The SEC informed Wellington of the investigation into the money management firm’s trading practice and procedure, the New York Times is reporting. However, a Wellington spokesperson did not believe the SEC investigation had to do with market timing and late trading. Further details into the investigation were not provided in the Times’ coverage.
While details of the Wellington investigation are few and far between, a broad SEC probe of Wellington’s trading practices could touch a tremendous number of Wall Street investment firms. The Boston-based firm’s client roster includes 95 mutual fund companies, perhaps none more visible than Vanguard, for which Wellington acts as the investment advisor to 13 Vanguard Funds with $100 billion in assets.

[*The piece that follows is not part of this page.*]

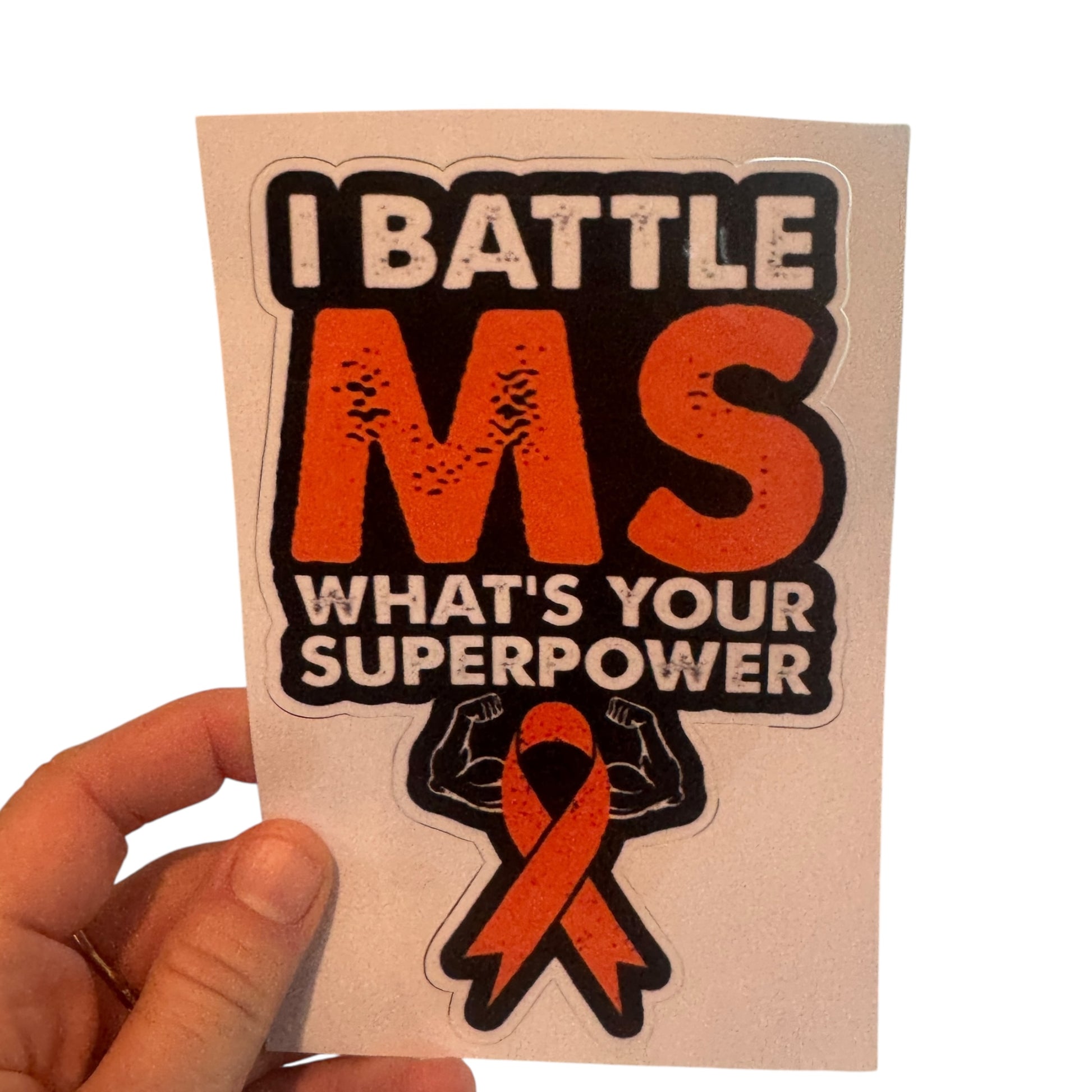 Image Description: A bold black and orange sticker that reads I battle MS, what’s your superpower? with an orange awareness ribbon and flexing arm graphic.
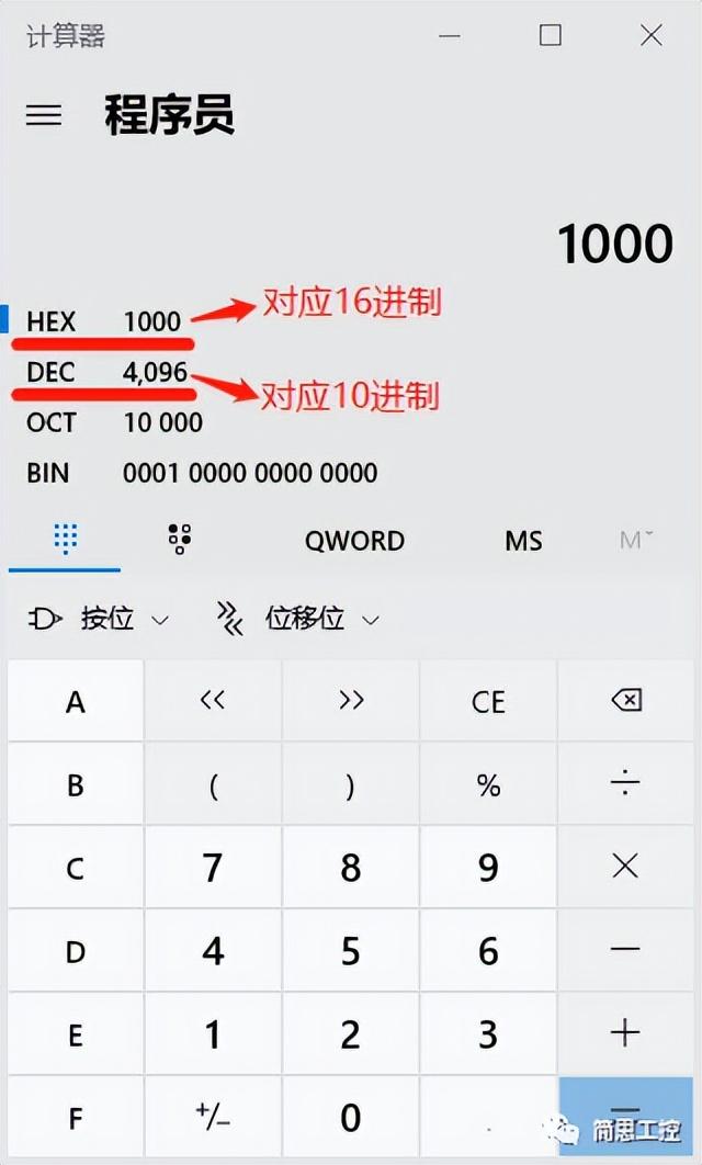 计算器的“HEX”一栏,表示16进制,在这里输入伺服电机的清零地址单元1000(地址单元是0x1000,只要输入1000);

In turn, any possible Vanguard involvement in a trading scandal would impact the investment accounts of a large number of investors. Vanguard is the nation’s second largest money management firm with $700 billion under management, trailing only Fidelity Investments $900 billion book. The firm has been extremely successful in recent months, as news of other high profile firm’s involvement in illicit market timing and late trading began to break and Vanguard managed to keep its own mutual fund and fund managers out of the fray.
The relationship between Wellington and Vanguard goes to the very genesis of the Valley Forge, Pennsylvania-based investment management firm. Vanguard founder, John Bogle, began his fund management career at Wellington in 1951, which he served as chief executive for from 1967 until 1974 when he founded Vanguard.
Additionally, Wellington manages funds offered by ING, Hartford Financial Services and the Enterprise group of funds. In total, Wellington managed $416 billion in stock and bond portfolios for approximately 1,000 clients as of March 2004.